→ How to complete this task
Going from the line that contains "- Includes liner, pump" through the last line of the records, set down each line again exactly, both included, with pictures left out.

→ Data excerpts

---*---

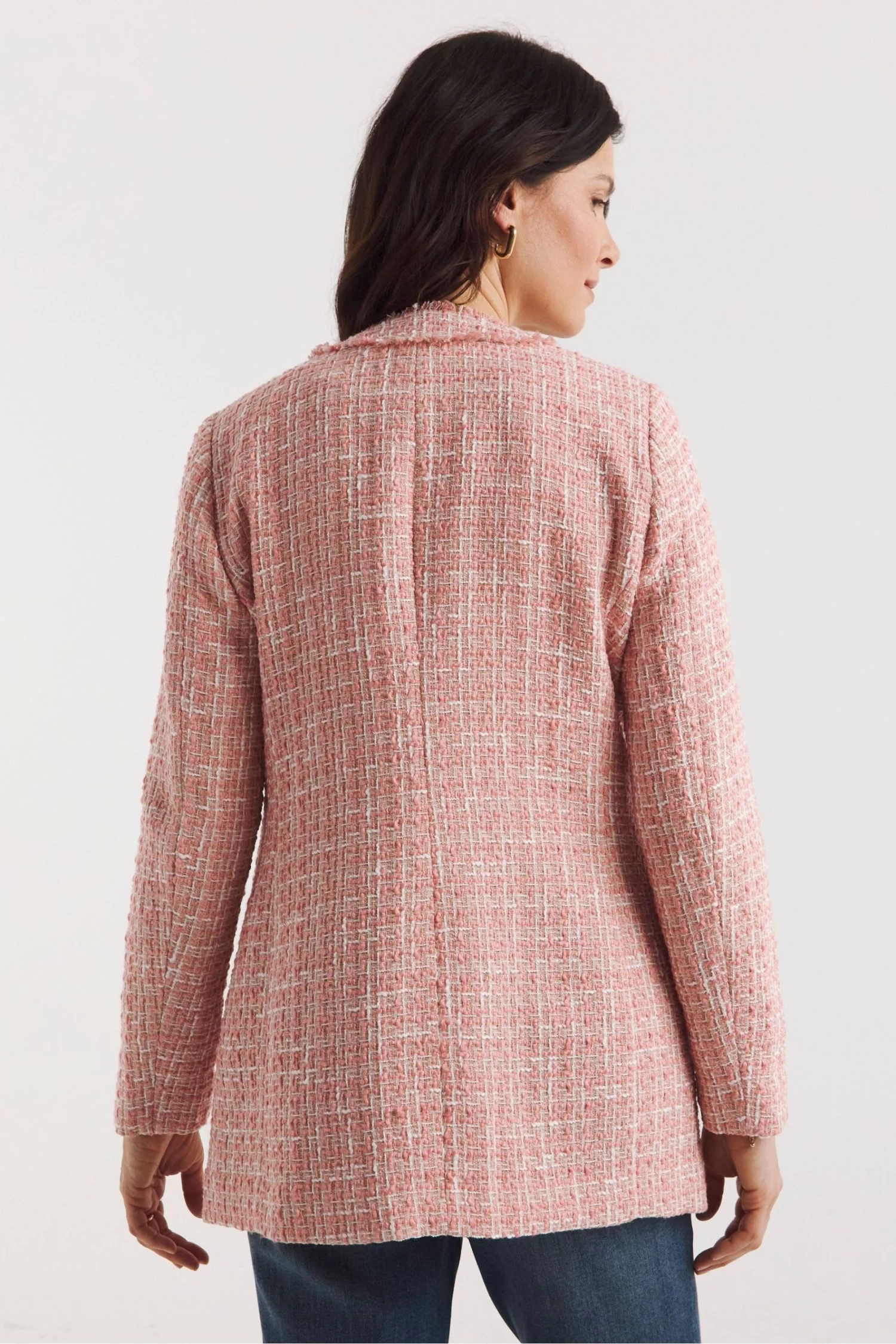 JD Williams Pink Rose Boucle Collarless Blazer
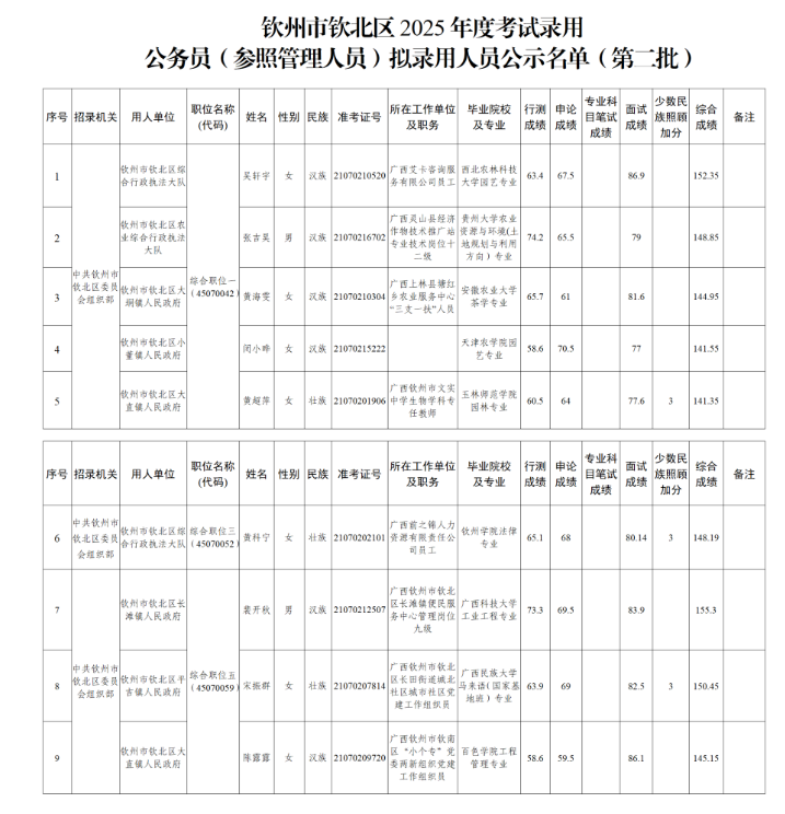 附件:欽州市欽北區(qū)2025年度考試錄用公務(wù)員(參照管理人員)擬錄用人員公示名單(第二批)
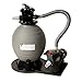 - Includes liner, pump and sand filter system, A-frame entry ladder, and wide-mouth skimmer
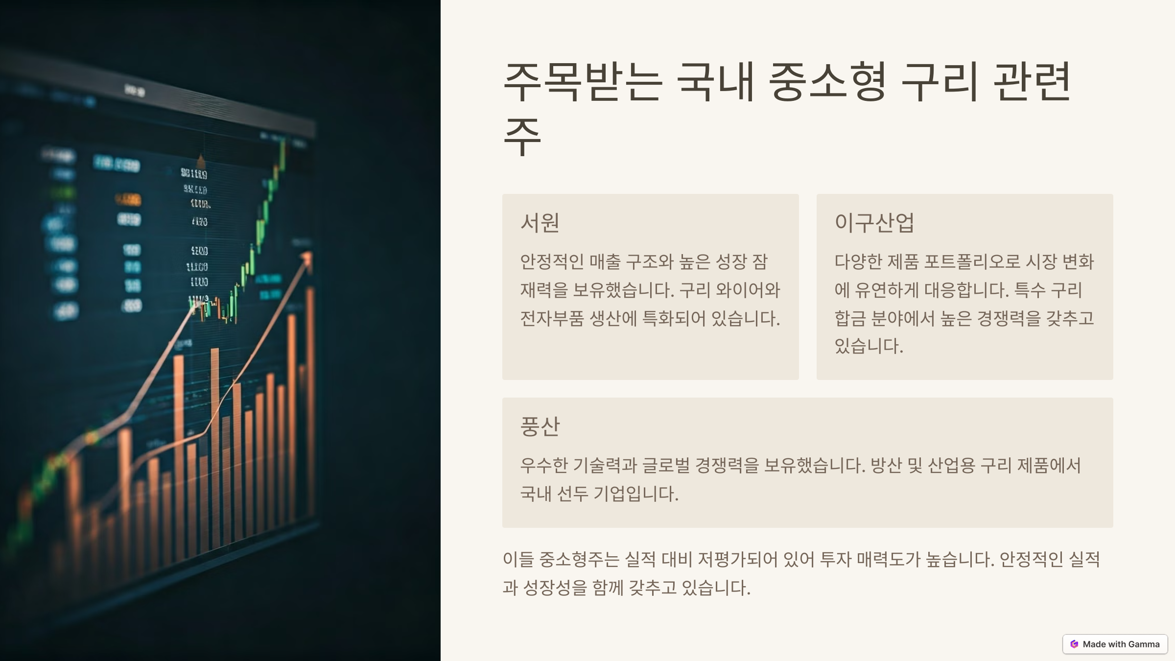 글로벌 경기 회복과 더불어 친환경 에너지로의 전환이 가속화되면서 구리의 전략적 중요성은 더욱 커지고 있으며, 국내 중소형주 중에서도 저평가된 종목들이 재조명되고 있습니다.
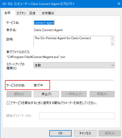 ●サービスを確認して「Claris Connect Agent」が起動しているか確認します。
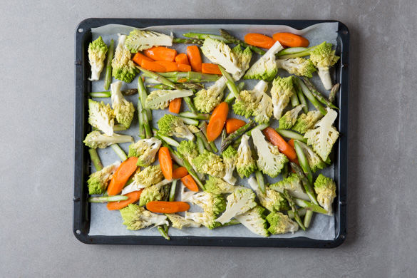 Den Ofen auf 250°C Grill vorheizen. Die hölzernen Enden des Spargels entfernen (ca. 2-3cm) und den Rest gut waschen, dann in ca. 1cm lange, schräge Stücke schneiden. Die Karotten schälen und diagonal in ca. 1cm dicke Scheiben schneiden. Den Brokkoli in kleine Röschen schneiden, den Stamm schälen und in ca. 1-2cm große Stücke schneiden.

---*---

→ Completed task
 - Includes liner, pump and sand filter system, A-frame entry ladder, and wide-mouth skimmer
 글로벌 경기 회복과 더불어 친환경 에너지로의 전환이 가속화되면서 구리의 전략적 중요성은 더욱 커지고 있으며, 국내 중소형주 중에서도 저평가된 종목들이 재조명되고 있습니다.
 ●サービスを確認して「Claris Connect Agent」が起動しているか確認します。
 Den Ofen auf 250°C Grill vorheizen. Die hölzernen Enden des Spargels entfernen (ca. 2-3cm) und den Rest gut waschen, dann in ca. 1cm lange, schräge Stücke schneiden. Die Karotten schälen und diagonal in ca. 1cm dicke Scheiben schneiden. Den Brokkoli in kleine Röschen schneiden, den Stamm schälen und in ca. 1-2cm große Stücke schneiden.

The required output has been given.